# What needs to be done:
Among the entries below, the lines from the one with "Mordedor de silicona" up to and including the one with "Designové dámské stříbrné" are to be restated exactly, without pictures.

# Records for this exercise:
┄┄┄┄┄┄┄┄┄┄
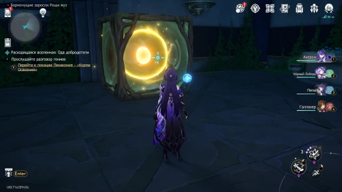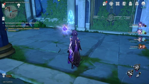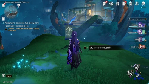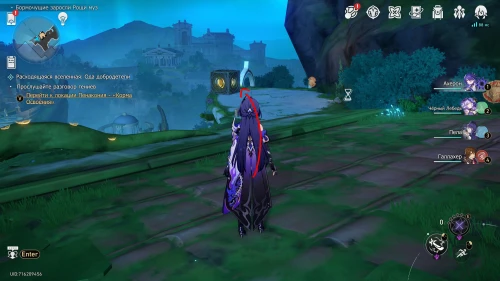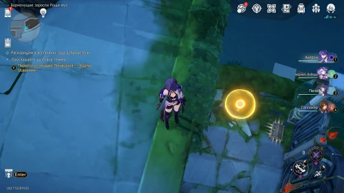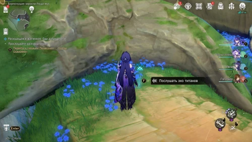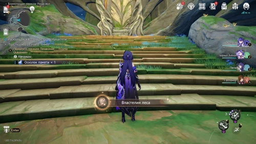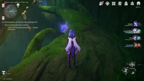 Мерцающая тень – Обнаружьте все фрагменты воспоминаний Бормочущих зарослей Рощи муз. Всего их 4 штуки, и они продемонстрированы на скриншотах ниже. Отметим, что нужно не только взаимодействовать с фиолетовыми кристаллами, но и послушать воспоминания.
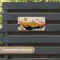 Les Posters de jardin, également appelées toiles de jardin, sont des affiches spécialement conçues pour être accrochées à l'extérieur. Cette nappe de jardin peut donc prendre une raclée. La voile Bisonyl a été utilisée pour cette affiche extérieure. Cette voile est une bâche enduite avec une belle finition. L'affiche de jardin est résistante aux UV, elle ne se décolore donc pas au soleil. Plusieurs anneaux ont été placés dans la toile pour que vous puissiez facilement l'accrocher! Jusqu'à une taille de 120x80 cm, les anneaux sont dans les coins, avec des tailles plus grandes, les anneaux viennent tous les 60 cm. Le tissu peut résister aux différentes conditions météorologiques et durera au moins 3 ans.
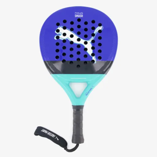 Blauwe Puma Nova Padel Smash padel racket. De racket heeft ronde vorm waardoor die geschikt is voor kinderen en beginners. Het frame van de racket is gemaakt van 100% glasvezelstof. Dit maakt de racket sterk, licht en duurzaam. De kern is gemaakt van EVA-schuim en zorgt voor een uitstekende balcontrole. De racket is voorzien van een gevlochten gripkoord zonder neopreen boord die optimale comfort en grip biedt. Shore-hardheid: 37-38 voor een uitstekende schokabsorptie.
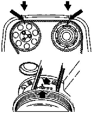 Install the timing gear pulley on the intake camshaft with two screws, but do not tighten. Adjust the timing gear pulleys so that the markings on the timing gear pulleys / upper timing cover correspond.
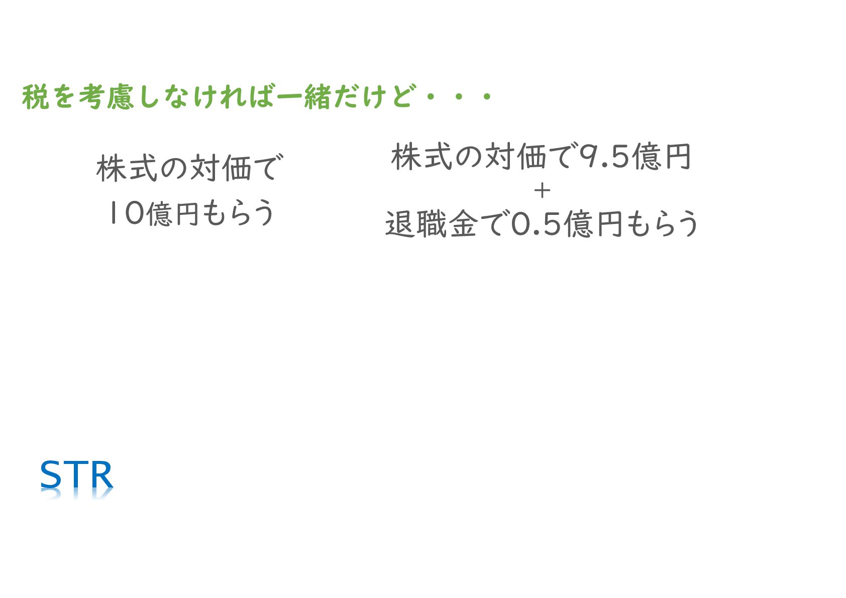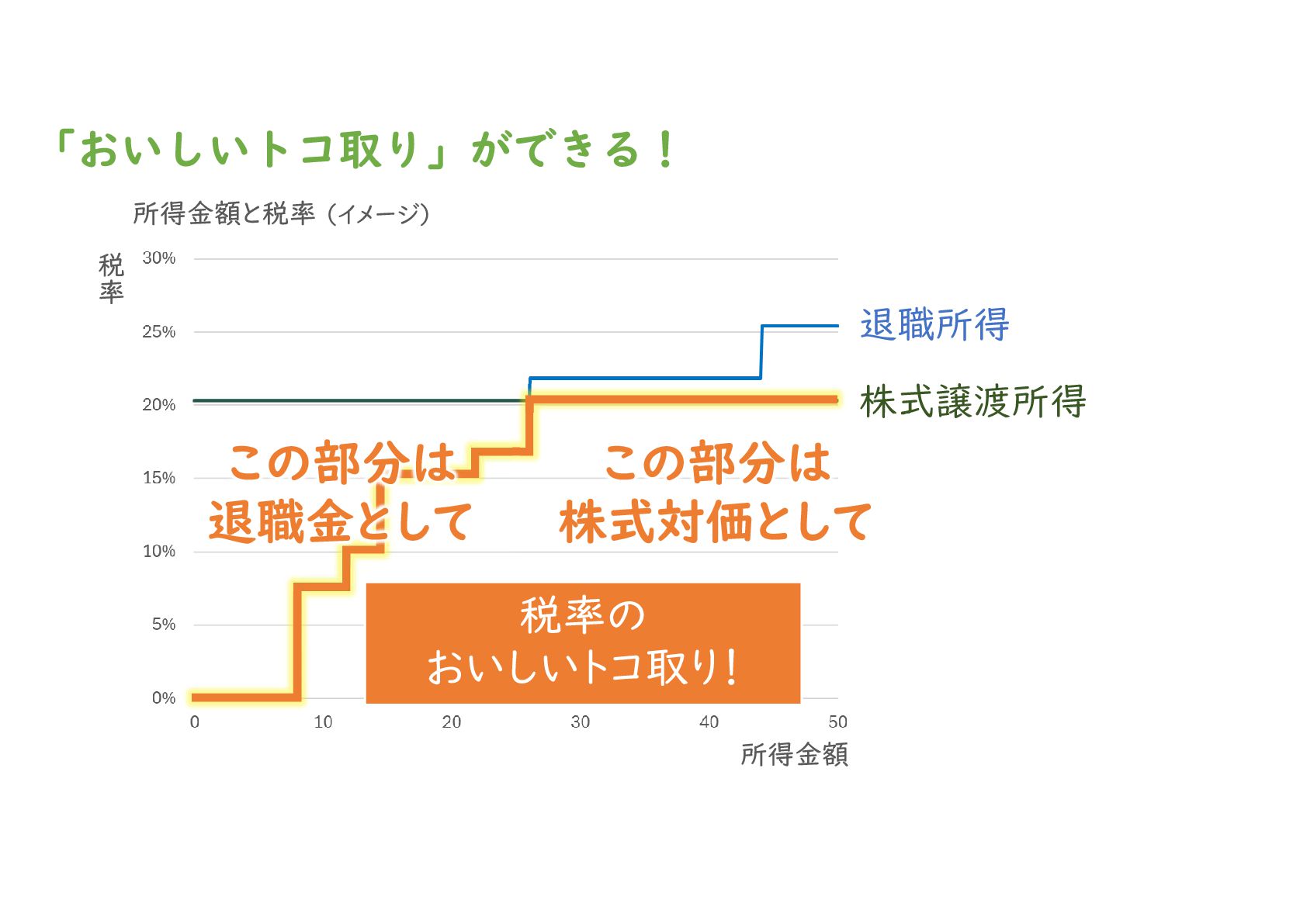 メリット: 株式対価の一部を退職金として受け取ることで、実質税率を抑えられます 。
┄┄┄┄┄┄┄┄┄┄
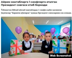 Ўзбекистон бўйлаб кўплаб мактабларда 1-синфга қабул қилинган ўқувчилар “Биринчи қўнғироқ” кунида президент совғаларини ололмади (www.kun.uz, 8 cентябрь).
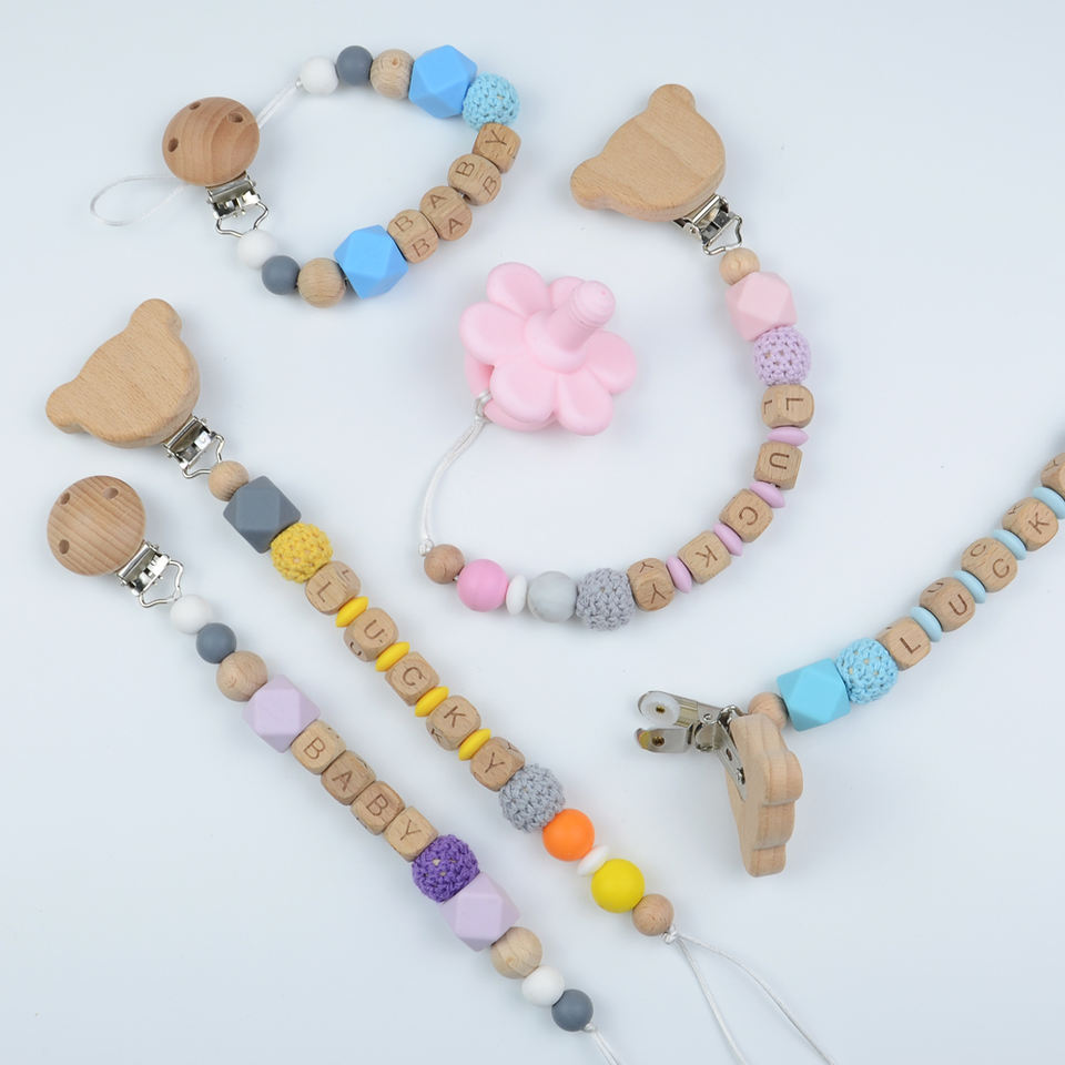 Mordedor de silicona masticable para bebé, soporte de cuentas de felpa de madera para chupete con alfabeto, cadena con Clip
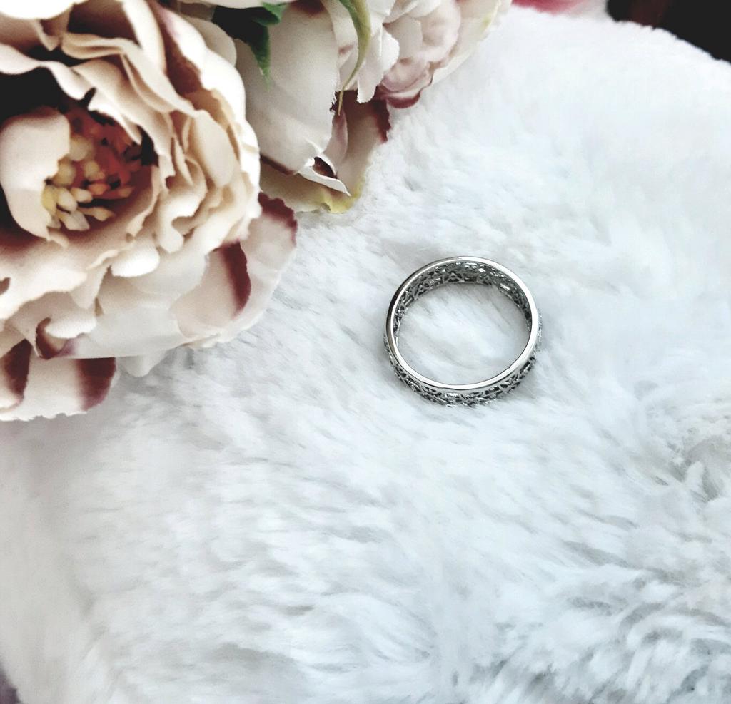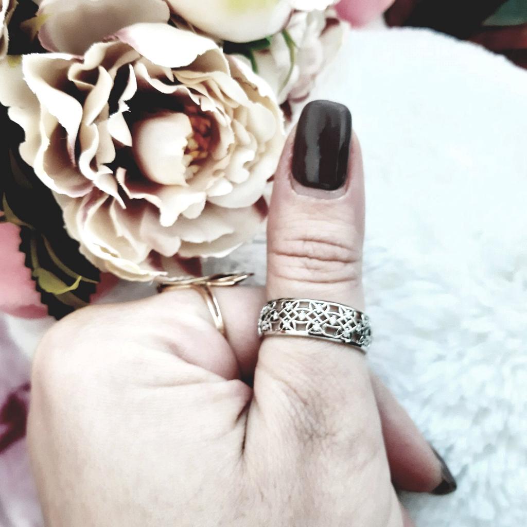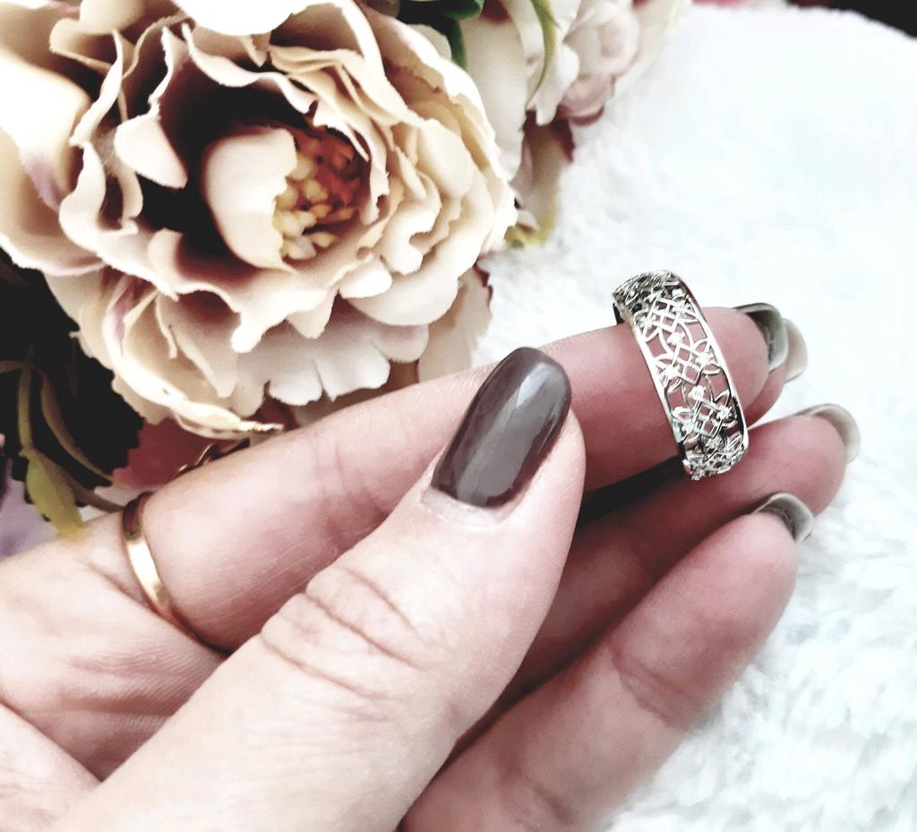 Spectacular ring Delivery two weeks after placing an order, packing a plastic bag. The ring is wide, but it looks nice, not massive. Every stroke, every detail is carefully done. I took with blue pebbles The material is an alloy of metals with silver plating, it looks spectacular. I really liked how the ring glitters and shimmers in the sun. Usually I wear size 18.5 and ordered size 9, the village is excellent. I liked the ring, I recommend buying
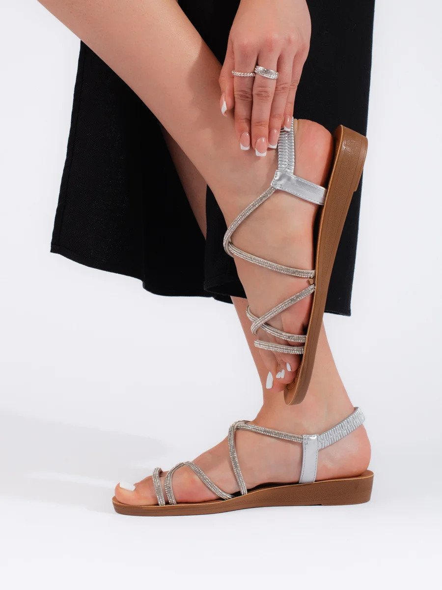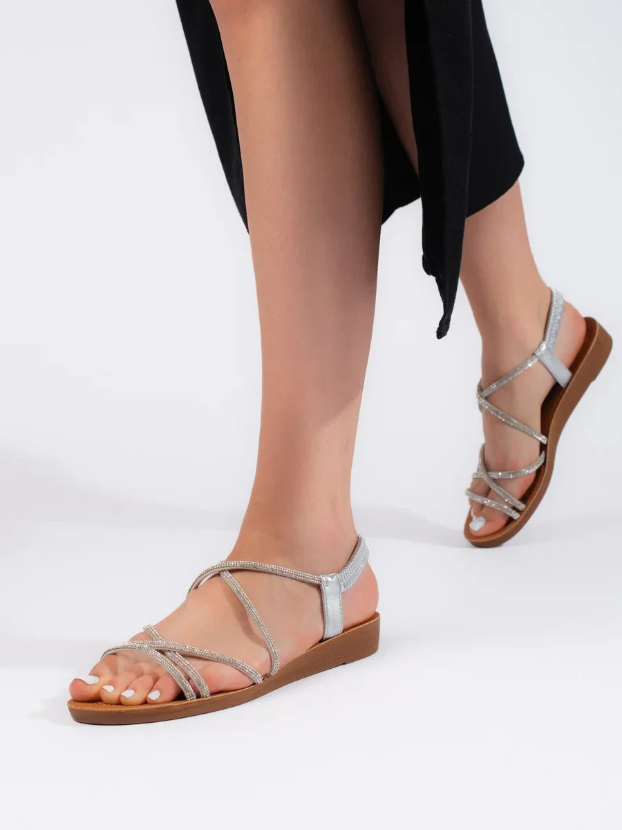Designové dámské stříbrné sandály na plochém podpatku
┄┄┄┄┄┄┄┄┄┄
# Result of the exercise:
 Mordedor de silicona masticable para bebé, soporte de cuentas de felpa de madera para chupete con alfabeto, cadena con Clip
 Spectacular ring Delivery two weeks after placing an order, packing a plastic bag. The ring is wide, but it looks nice, not massive. Every stroke, every detail is carefully done. I took with blue pebbles The material is an alloy of metals with silver plating, it looks spectacular. I really liked how the ring glitters and shimmers in the sun. Usually I wear size 18.5 and ordered size 9, the village is excellent. I liked the ring, I recommend buying
Designové dámské stříbrné sandály na plochém podpatku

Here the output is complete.